Dear Haddie Bo Bo,
I have been coming to the realization over time that because of the lack of control that I have in this situation I am slowly becoming or feeling out of control.
From the moment you took your last breath I lost all rights to you. I was told that I wasn’t allowed to see you. If they let me see you I might touch you and ruin any evidence that might have been there. No matter what I said or did I could not change this. This was mind blowing to me. You were mine. I made you. I nursed you. I cared for you everyday. But I couldn’t see you.
You are gone. There is nothing I can do to change that. Trust me I have gone over it in my head a million times. From rational thoughts to very irrational thoughts. I have gone over every moment of that day in my head. What I could have done different to have prevented your death. I have spent lots of time thinking about if I believe you are gone. Or even crazier do I believe you were really here? If I sleep long enough will you appear when I wake up? If I pray hard enough will this baby in my belly be you? Again I have no control over this situation.

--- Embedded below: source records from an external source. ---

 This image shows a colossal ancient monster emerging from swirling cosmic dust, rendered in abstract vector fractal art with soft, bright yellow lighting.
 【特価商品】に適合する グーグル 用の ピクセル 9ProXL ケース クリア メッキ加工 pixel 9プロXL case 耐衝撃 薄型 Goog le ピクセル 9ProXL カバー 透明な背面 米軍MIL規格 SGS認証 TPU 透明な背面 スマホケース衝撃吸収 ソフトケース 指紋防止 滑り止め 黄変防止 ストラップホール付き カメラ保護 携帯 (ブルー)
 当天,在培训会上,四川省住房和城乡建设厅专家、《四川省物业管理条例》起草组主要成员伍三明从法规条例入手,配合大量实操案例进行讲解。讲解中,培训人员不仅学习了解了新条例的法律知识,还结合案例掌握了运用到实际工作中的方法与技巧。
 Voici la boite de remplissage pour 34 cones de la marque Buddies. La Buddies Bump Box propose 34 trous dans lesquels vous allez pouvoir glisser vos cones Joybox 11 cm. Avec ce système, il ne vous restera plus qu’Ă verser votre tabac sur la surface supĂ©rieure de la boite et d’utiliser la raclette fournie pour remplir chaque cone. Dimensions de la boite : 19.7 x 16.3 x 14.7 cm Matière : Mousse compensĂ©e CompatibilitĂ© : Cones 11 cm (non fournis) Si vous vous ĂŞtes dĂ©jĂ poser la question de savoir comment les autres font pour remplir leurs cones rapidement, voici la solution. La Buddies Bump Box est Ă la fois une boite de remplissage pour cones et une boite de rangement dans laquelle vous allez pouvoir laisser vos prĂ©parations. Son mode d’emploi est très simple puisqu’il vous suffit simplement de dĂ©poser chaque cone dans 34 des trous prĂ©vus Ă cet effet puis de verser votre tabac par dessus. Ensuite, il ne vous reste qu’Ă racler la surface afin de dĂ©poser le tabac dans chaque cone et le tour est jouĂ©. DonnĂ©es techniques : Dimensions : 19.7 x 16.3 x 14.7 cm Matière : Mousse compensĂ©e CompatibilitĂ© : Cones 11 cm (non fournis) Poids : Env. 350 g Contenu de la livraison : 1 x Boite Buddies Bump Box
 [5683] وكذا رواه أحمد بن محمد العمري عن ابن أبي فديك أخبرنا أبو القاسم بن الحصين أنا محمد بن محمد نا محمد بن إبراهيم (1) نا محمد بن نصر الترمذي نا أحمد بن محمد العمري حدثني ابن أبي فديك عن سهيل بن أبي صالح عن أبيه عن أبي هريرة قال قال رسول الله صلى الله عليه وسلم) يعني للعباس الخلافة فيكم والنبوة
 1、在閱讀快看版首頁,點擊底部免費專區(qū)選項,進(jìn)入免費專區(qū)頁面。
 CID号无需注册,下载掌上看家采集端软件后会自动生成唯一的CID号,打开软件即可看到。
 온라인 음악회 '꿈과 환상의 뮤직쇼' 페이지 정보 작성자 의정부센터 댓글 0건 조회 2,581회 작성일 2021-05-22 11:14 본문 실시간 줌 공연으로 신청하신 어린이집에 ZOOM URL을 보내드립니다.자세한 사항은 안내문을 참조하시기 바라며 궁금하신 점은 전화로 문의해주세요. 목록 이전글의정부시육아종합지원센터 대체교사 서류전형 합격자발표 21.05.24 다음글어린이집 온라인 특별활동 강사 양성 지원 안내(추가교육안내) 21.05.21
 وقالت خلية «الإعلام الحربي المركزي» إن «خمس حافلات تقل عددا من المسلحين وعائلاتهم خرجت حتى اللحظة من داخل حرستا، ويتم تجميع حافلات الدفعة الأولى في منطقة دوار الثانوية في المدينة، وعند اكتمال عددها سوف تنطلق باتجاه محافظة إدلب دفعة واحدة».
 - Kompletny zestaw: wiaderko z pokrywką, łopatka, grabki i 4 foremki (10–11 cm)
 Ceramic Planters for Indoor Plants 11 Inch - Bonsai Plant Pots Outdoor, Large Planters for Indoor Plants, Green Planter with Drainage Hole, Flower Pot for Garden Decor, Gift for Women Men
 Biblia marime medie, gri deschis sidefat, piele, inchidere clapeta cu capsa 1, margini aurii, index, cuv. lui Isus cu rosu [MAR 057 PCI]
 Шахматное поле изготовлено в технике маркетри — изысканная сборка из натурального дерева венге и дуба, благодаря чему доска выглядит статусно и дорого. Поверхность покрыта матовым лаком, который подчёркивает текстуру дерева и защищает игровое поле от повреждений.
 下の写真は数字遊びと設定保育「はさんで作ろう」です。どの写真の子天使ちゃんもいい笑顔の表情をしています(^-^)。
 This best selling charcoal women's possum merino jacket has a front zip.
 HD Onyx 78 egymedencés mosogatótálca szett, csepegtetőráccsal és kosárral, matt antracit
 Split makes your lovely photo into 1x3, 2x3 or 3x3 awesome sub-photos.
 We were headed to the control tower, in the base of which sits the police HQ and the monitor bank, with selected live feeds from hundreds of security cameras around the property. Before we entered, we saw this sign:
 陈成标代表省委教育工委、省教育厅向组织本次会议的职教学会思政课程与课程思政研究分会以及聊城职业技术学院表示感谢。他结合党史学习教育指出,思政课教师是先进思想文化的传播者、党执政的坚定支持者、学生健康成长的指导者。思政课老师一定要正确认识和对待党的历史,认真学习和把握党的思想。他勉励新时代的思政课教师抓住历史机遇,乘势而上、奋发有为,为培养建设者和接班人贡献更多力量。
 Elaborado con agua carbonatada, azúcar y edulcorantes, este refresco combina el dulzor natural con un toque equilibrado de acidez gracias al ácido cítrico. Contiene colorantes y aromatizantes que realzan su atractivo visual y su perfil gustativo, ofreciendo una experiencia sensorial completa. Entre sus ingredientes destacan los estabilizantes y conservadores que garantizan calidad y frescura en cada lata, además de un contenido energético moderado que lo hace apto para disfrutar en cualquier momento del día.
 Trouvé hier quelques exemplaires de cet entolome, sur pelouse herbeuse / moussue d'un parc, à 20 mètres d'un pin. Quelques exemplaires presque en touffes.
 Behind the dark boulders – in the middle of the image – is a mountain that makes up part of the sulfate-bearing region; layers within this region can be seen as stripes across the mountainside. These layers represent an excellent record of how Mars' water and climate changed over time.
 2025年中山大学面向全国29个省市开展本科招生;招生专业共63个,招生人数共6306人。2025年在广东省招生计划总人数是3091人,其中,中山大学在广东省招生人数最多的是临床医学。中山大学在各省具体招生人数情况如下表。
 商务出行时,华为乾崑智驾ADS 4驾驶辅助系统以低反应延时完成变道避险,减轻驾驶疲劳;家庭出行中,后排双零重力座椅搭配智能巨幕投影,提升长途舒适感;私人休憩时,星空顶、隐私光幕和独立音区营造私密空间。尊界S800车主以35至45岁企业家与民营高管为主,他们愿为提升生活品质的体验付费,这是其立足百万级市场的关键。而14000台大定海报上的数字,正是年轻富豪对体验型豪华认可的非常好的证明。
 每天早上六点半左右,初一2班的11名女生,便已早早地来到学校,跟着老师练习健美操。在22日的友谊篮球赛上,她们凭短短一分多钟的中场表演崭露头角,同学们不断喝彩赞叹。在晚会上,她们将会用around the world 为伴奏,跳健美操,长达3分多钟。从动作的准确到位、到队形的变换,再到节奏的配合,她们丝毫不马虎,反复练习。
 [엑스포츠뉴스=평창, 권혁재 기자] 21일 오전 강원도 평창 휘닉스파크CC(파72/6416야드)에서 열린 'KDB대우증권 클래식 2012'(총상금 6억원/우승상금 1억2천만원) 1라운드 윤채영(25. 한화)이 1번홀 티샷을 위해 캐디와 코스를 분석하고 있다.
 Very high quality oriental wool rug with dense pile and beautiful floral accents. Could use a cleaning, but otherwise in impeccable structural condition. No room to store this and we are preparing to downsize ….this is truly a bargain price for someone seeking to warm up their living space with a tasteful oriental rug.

The holidays. No matter how much I didn’t want them to come they are still looming. We didn’t celebrate Thanksgiving because I couldn’t bare the thought of you not being there. I didn’t want to sit around a table and pretend to be thankful when frankly I wasn’t feeling very thankful. So we didn’t have a turkey dinner with our family, but Thanksgiving still came. Tonight I am sitting in a hotel and we fly out to Florida in the morning. This is my effort to skip Christmas. But Christmas will still come. New Years will still come. Before I know it a we will be waking up to the 1 year anniversary of your death. I fight it everyday with every ounce of my being. But these milestones and special days keep happening. I don’t want to live in a year that you didn’t exist in. I don’t want to celebrate a holiday without you. I have no control over these things. So because I have no control I protest.
So as I continue to have this power struggle with life I am slowly loosing control. I am angry. My anger sometimes is misdirected and the people I love get the brunt of it. I am difficult. I get mad when things don’t go my way or turn out as I planned. I shut down. I cancel plans. I am brutally honest (this is not a new thing). I have no patience. I lack grace. I expect grace but can’t seem to extend it. I can’t let things go. I can’t stop my thoughts. I can’t stop my tears. I am out of control.
I hate that I feel this way and I grow increasingly frustrated with how my grieve turns into not very pretty actions. It all comes back to you not being here. If you were here many of these issues would not be issues. I wish everything was different.
I love you and as much as I hate what has happened I regret nothing of our time together. You are mine forever and that will not change. We will be reunited someday and I think of that moment all the time.